Remote photoplethysmography (rPPG) is a technique that extracts physiological signals, such as heart rate, from facial videos using standard Red-Green-Blue cameras. While rPPG offers valuable health insights, it also exposes individuals to potential misuse, as sensitive information can be inferred without consent.

Methods

This paper introduces a reversible video modification framework for removing, encrypting, transmitting, and restoring rPPG signals in facial videos, using frame-wise sinusoidal modulation applied to specific rPPG-rich facial regions, with a focus on maintaining perceptual quality and concealing the true heart rate.
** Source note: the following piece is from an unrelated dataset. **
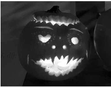
I. díj: Lidérces
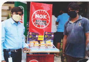
Corner Meet conducted at Telangana

Our approach is contrasted with prior methods using seven rPPG techniques on the LGI-PPGI dataset, encompassing various activities. Evaluation metrics include PSNR, SSIM, correlation, dynamic time warping, and a composite score reflecting both signal suppression and visual fidelity.

Results

Here we show that our method achieves an overall score above 0.75 across all rPPG methods, approximately 50% higher than previous approaches. It also demonstrates high visual fidelity (PSNR ≈ 68, SSIM ≈ 0.97) and effectively conceals physiological information, inducing an average heart rate estimation error 22 bpm higher than prior methods.

Conclusions

This study presents the first end-to-end reversible framework for secure, privacy-preserving video transmission of facial recordings. The approach is lightweight, effective across diverse activities, and holds promise for real-time applications such as video conferencing and telehealth.